1. Para o fim do ano: miudezas e pérolas, enquanto se faz um exame de consciência.
A pérola fica por conta de Vinicius de Moraes. Antônio e eu fomos visitá-lo, e encontramos o poetinha na santa paz de seu coração, acompanhado do filho Pedro que é também um artista. Vinicius nos mostrou um álbum de magníficas fotos do Rio de Janeiro, com textos assinados por ele e por Ferreira Gullar. Depois, comentou:
— Imaginem vocês que as pessoas ficando doidas, generosas e sem critério. Apareceu aí um publicitário me oferecendo um dinheiro por 30 segundos na TV. Meu trabalho era só aparecer com um copo de uísque na mão, dizendo:
“Que não seja imortal, posto que é chama,
Mas que seja infinito enquanto DRURY'S”!
2. Por falar em Gullar, sonhei que ele estava de volta ao Brasil, após longa temporada no exterior. Fiquei feliz (depois de acordar), ao percorrer as livrarias e verificar que o Poema sujo está esgotado. Feliz pelo poema, a voz reencontrada, a saudade do Brasil concentrada na infância e no Maranhão. Triste, por ser apenas um sonho. Só quem andou longe pode avaliar o que vem a ser a saudade deste país, onde nascemos e, bem ou mal, temos que tocar para a frente. Certa vez, intentando um exílio voluntário, fui apanhado por esse sentimento em plena neve, no Boulevard de Montparnasse. Algumas horas depois, voava de volta ao lar. Sabem o que me lançara naquela necessidade urgente de pátria? O mais infantil dos desejos: eu queria provar o gosto da cerveja Malzbier, geladinha, num botequim bem vagabundo! Por isso abandonei a França e um destino que já se configurava. O único país que temos é este Brasilzinho avacalhado, de samba, futebol e outras bossas que não trocamos por nenhum outro. No sonho, recebíamos Gullar com solene festa, ao jeito que ele prefere, sem destemperos e com aguda percepção do nosso destino nacional. Os seus mortos queridos, que se vão na flor da idade, estavam presentes. E recitavam o meu predileto na coleção da Luta Corporal:
“As rosas que colho não são essas, frementes na iluminação da manhã”...

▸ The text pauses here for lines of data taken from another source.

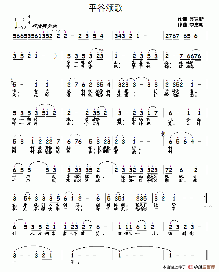 关于《平谷颂歌》曲谱的评论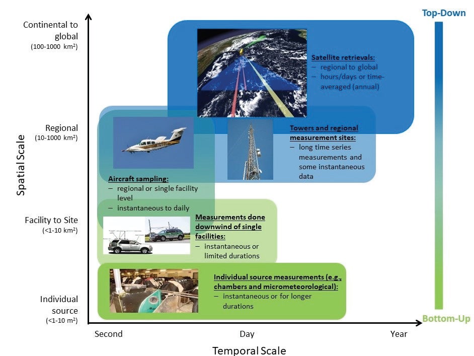 Examples of methane measurement platforms operating across a variety of spatial and temporal scales (NASEM, 2018)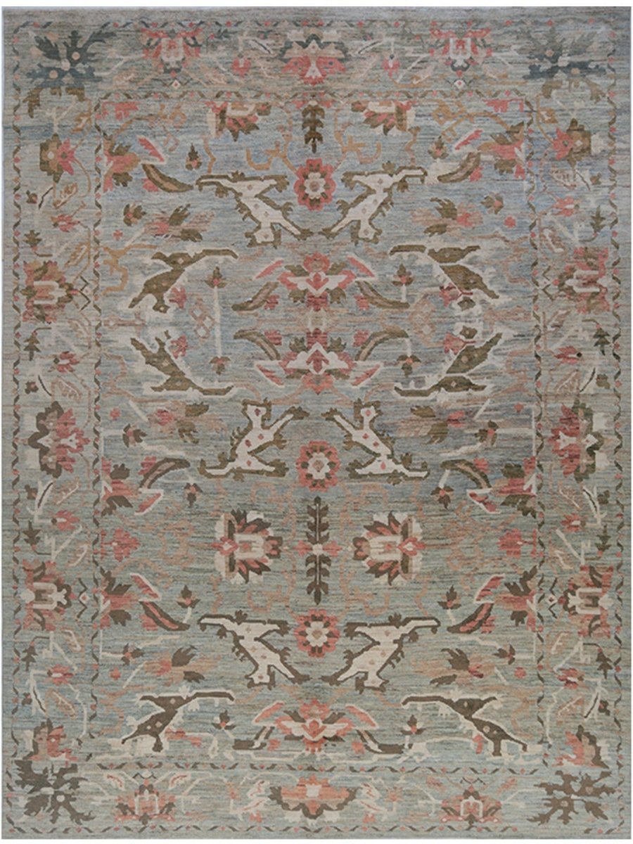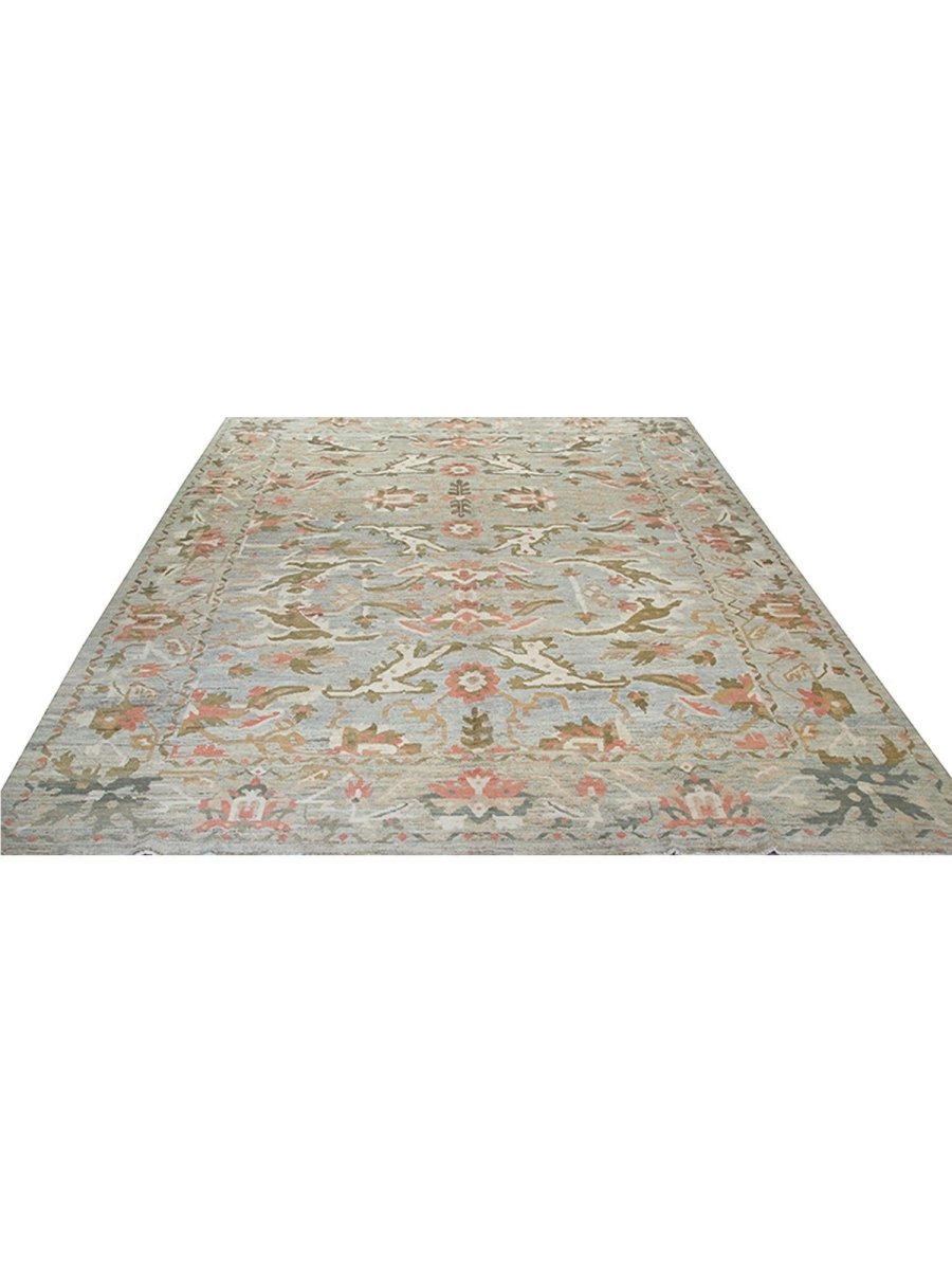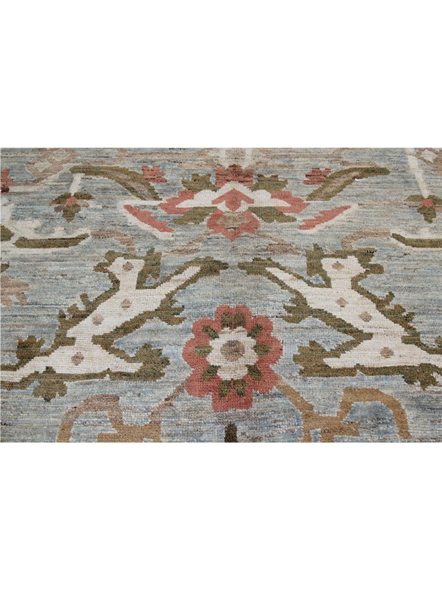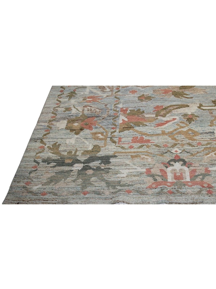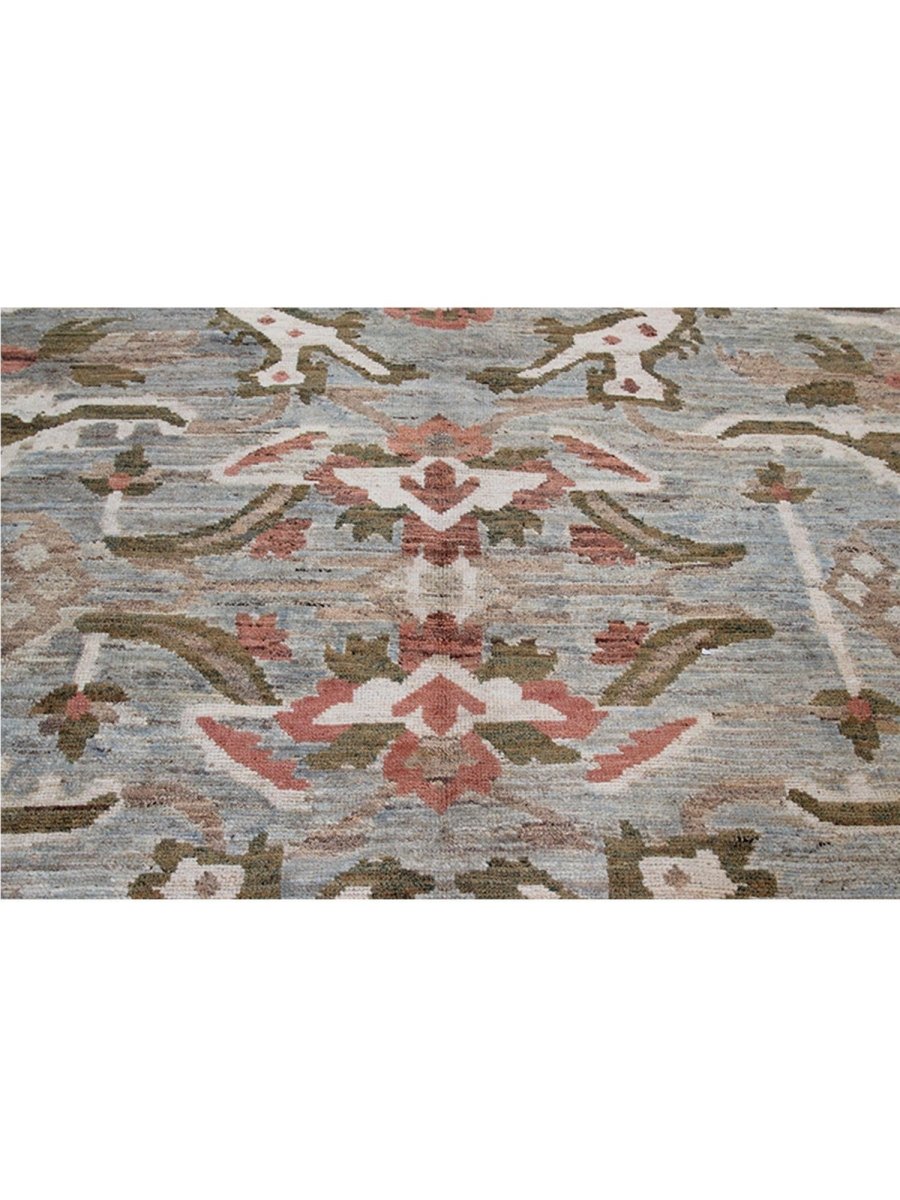 Enjoy the beauty of traditional Persian craftsmanship with this beautiful 12x16 Persian Sultanabad area rug, expertly hand-knotted in Persia using high-quality wool. This rug boasts exceptional quality and a stunning floral pattern. The blueish-gray colored base of the rug provides a sophisticated and calming backdrop for the vibrant pattern, which features stunning green, pink, beige, and orange colors. With its classic Persian design, timeless color palette, and durable construction, this rug is perfect for adding a touch of elegance and sophistication to any room. It will remain a beautiful and functional piece of art for years to come. Whether placed in a formal living room, spacious bedroom, or cozy study, this rug will surely become a stunning focal point that ties the entire space together.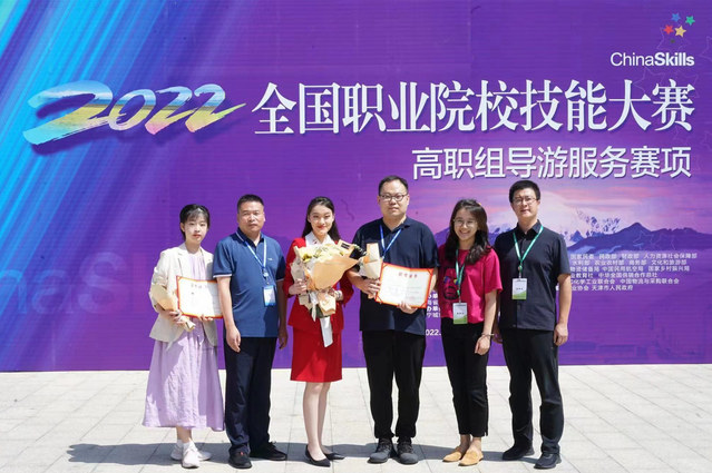 学校领导高度重视此次比赛,多次进行现场指导,并就技能训练提出了建设性指导意见。学校各职能部门针对训练参赛等工作给予了全力支持,有效保障了备赛、参赛工作的顺利进行。文旅学院不断深化“三教”改革,通过以赛促教、以赛促研、以赛促训,培养适应文旅产业数字化转型发展的复合型高素质旅游技术技能人才。本次大赛成绩的取得,展现了学校旅游管理专业“双高计划”建设成果,对推动旅游管理专业导游服务类课程教育教学改革和新型文旅技能型人才培养具有积极意义。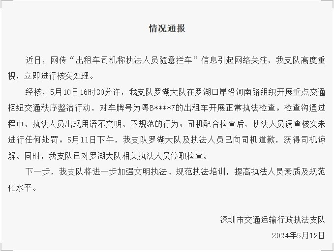 經(jīng)核,5月10日16時30分許,深圳市交通運輸行政執(zhí)法支隊羅湖大隊在羅湖口岸沿河南路組織開展重點交通樞紐交通秩序整治行動,對車牌號為粵B****7的出租車開展正常執(zhí)法檢查。檢查溝通過程中,執(zhí)法人員出現(xiàn)用語不文明、不規(guī)范的行為;司機配合檢查后,執(zhí)法人員調(diào)查核實未進行任何處罰。5月11日下午,深圳市交通運輸行政執(zhí)法支隊羅湖大隊及執(zhí)法人員己向司機道歉,獲得司機諒解。同時,深圳市交通運輸行政執(zhí)法支隊已對羅湖大隊相關(guān)執(zhí)法人員停職檢查。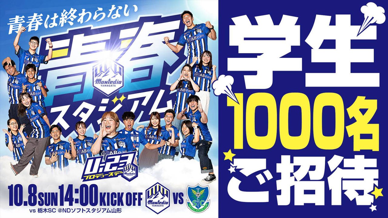 モンテディオ山形では、10月8日(日)栃木SC戦にて、高校、短期大学、専門学校、大学、大学院生を対象に『学生1,000人無料招待』を実施いたします。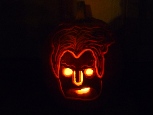 The missus and I traded off on handing out candy, it went pretty well for the most part. We only had a handful of douchey older kids who didn’t wear costumes. I gave them Chiclets. Finally, here’s my Lion-O pumpkin all lit up, you can see it in the daylight here.
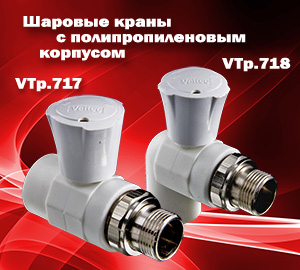 Специально для случаев, когда разводка системы отопления выполнена из полипропиленовых труб, в ассортимент торговой марки VALTEC включены шаровые краны с полипропиленовым корпусом VTp 717 (прямой) и VTp 718 (угловой). При оснащении ими радиаторов можно перекрывать поток теплоносителя через отопительный прибор (это основное назначение новинок) или осуществлять вручную грубое регулированное его теплоотдачи. Подключение крана к радиатору – резьбовое: на латунную никелированную закладную деталь с помощью накидной гайки закреплен полусгон (его наличие позволяет отсоединять радиатор без демонтажа крана). С полипропиленовой трубой кран соединяется методом раструбной сварки. Шаровой затвор и шток крана выполнены из латуни, затвор хромирован. Кран неремонтопригоден. Наработка на отказ – 5 тыс. циклов. Расчетный срок службы – 15 лет. Рабочая температура теплоносителя – до 90 °С, рабочее давление – до 10 бар.
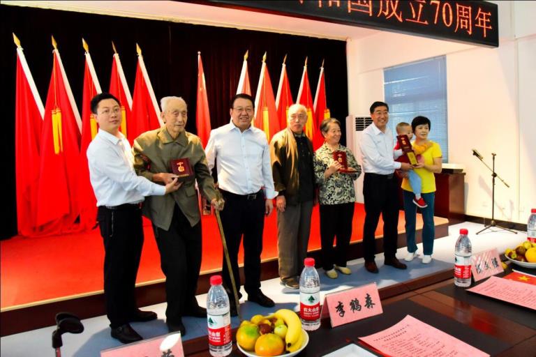 9月30日上午,研究院公司举行庆祝新中国成立70周年“歌颂祖国、放飞梦想”文艺汇演,公司离退休领导职工代表受邀出席,同庆新中国七十周年华诞。活动中研究所(研究院前身)所长秦平、研究院总经理冯玉怀、党委书记陈文强为离休老干部及家属代表代发由中共中央、国务院、中央军委颁发的“庆祝中华人民共和国成立70周年”纪念章,向为祖国无私奉献的老同志表达崇高敬意。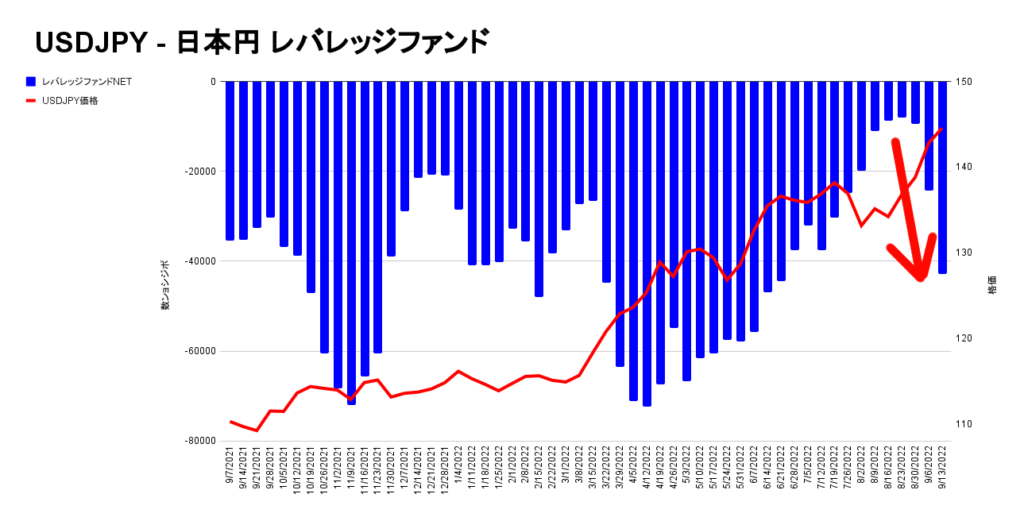 大口投機筋とレバレッジファンドが大きく円売りか。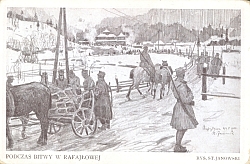 Pocztówka w kolorze szaro białym przedstawiająca rysunek St. Janowskiego. Na pocztówce widnieją żołnierze Legionów Polskich podczas bitwy w Rafajłowej. Na odwrotnej stronie napis: Nakładem Naczelnego Komitetu Narodowego na cele Legionów Serya IV Józef Ryszkiewicz Stanisław...więcej Pocztówka w kolorze szaro białym przedstawiająca rysunek St. Janowskiego. Na pocztówce widnieją żołnierze Legionów Polskich podczas bitwy w Rafajłowej. Na odwrotnej stronie napis: Nakładem Naczelnego Komitetu Narodowego na cele Legionów Serya IV Józef Ryszkiewicz Stanisław Janowski. |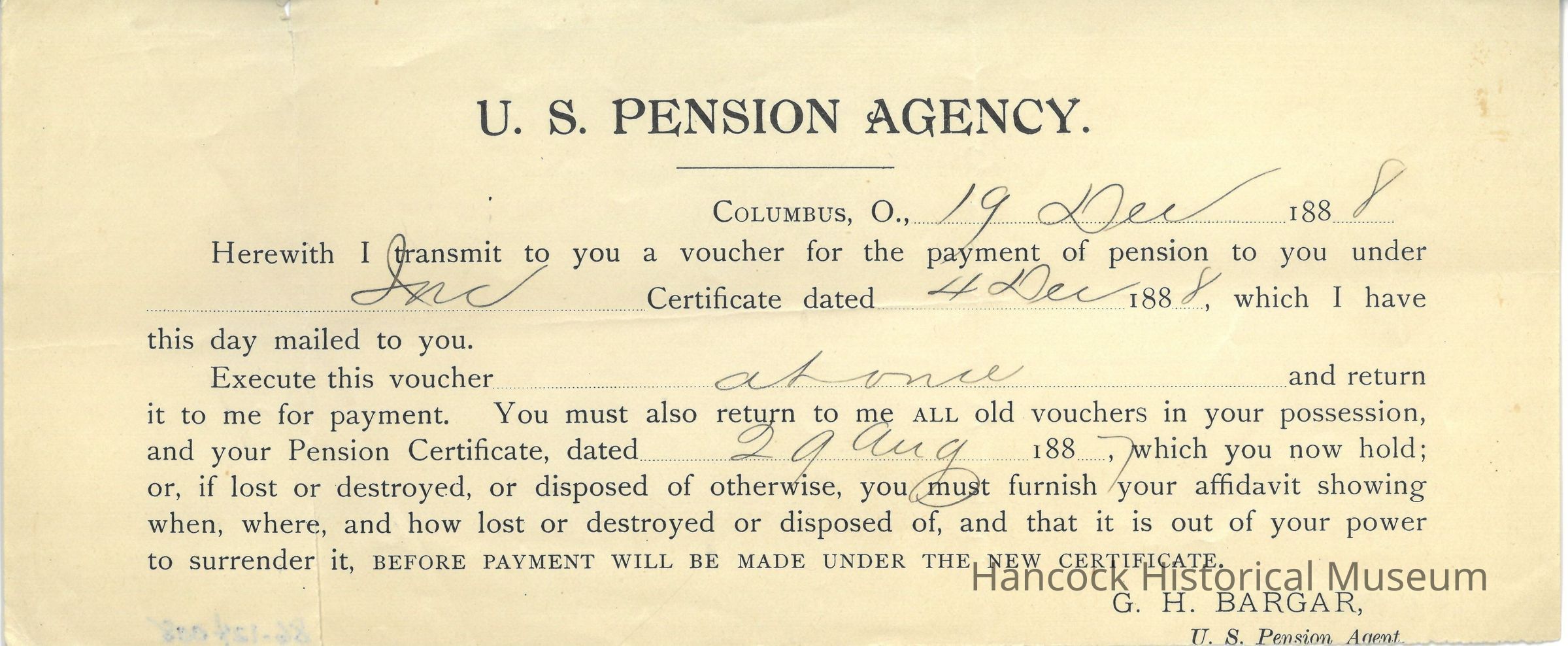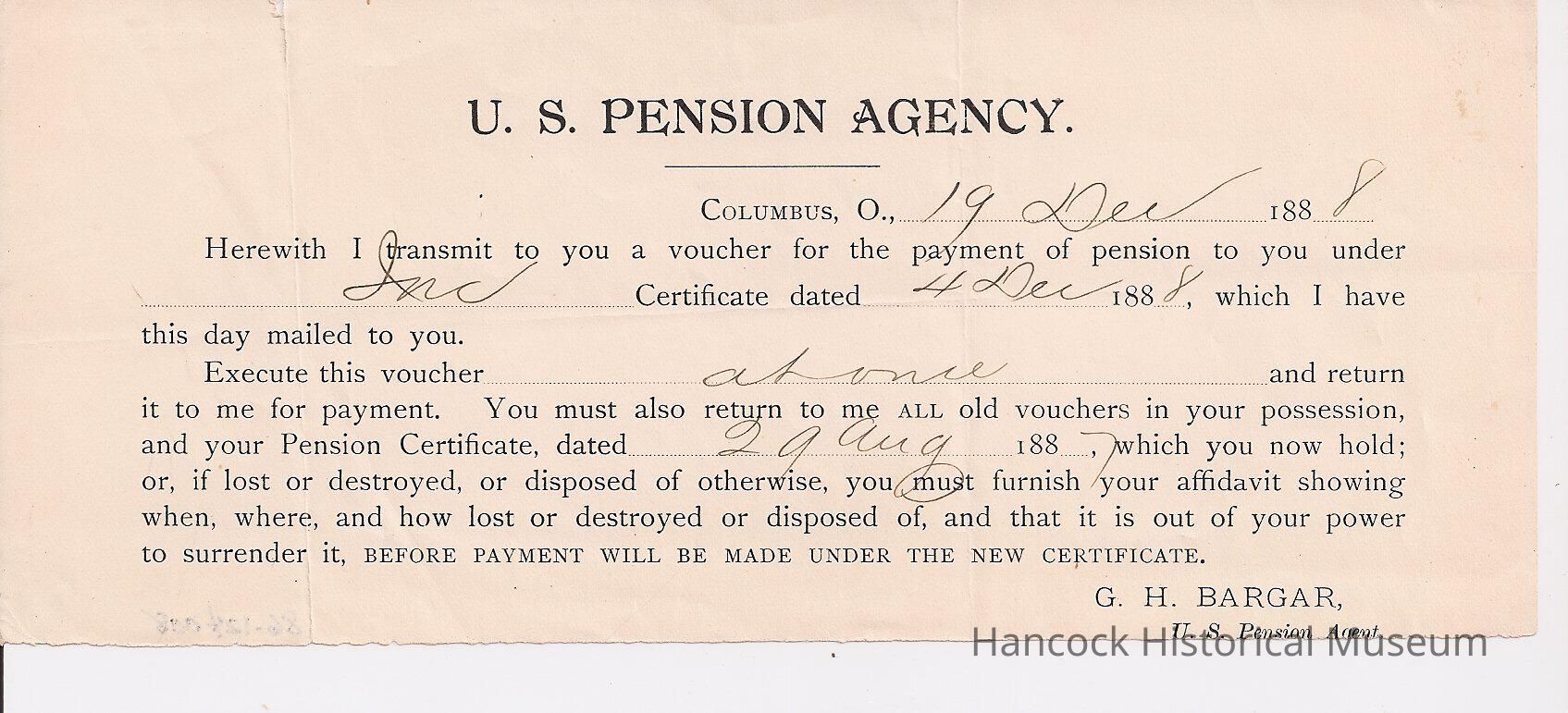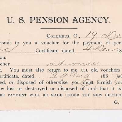 Voucher from Bureau of pensions to Daniel Foreman dated Dec 19, 1888.Collection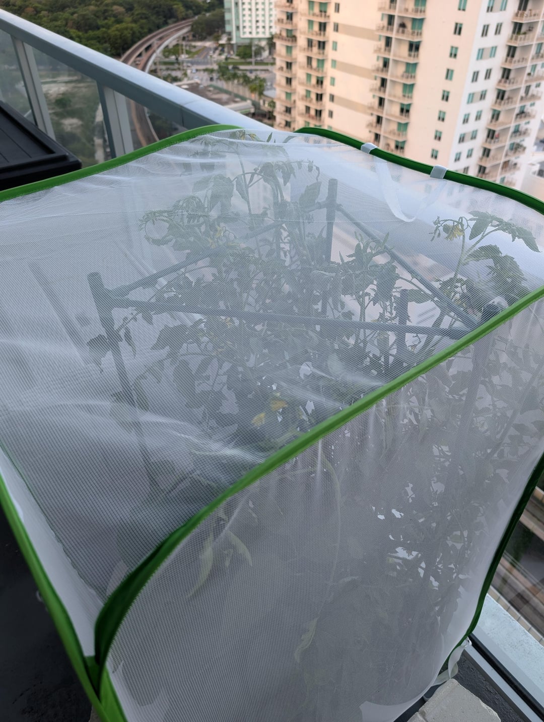 My tomatoes were over eight feet tall last year. Do you know what type of plant you have? Determinate vs Indeterminate? But besides that, idk what your wind is like in Miami, but once a plant is that size, they can generally tolerate wind if they’re staked up.

3. Bomba! Bomba! Paul Newman despistou todo mundo e está em minha casa, bebendo champanhe e fazendo retiro espiritual. Explicou que não pretende badalar com Jorginho Guinle, Tânia Caldas, Odile e Paulo Coelho. “Badalação eu tenho em toda parte, o ano inteiro”, comentou. E anunciou a chegada, em três ou quatro semanas, de Frank Sinatra em pessoa, agora que foi desfeita a maldição da bruxa. Todos sabem que uma bruxa, nos anos 40, advertiu Sinatra: “Não vá ao Brasil antes de 1977, que a morte te alcança”. Liberado agora pelas potências infernais, poderá finalmente conhecer o nosso jet set. Mas pede que não o obriguem a cantar no Fantástico, andando descalço na beira do mar.
4. Não vejo Ronaldinho há três meses. É um boêmio de Ipanema, famoso pelas confusões em que se envolve, e que felizmente sempre terminam bem. Telefonei para lhe dar as boas festas e o papo foi rápido:
— Alô? Ronaldinho?
— Ele mesmo.
— Aqui é o Carlinhos, pô.
A resposta veio apavorada, do fundo do abismo dessa noite que principiou na véspera do Natal:
— Carlinhos... Eu não me lembro de nada, mas estou profundamente arrependido!
Desliguei, concluindo que, como diz Vinicius, o pessoal está mesmo doido e sem critério. Agora, avancemos, trôpegos, na direção de 1977!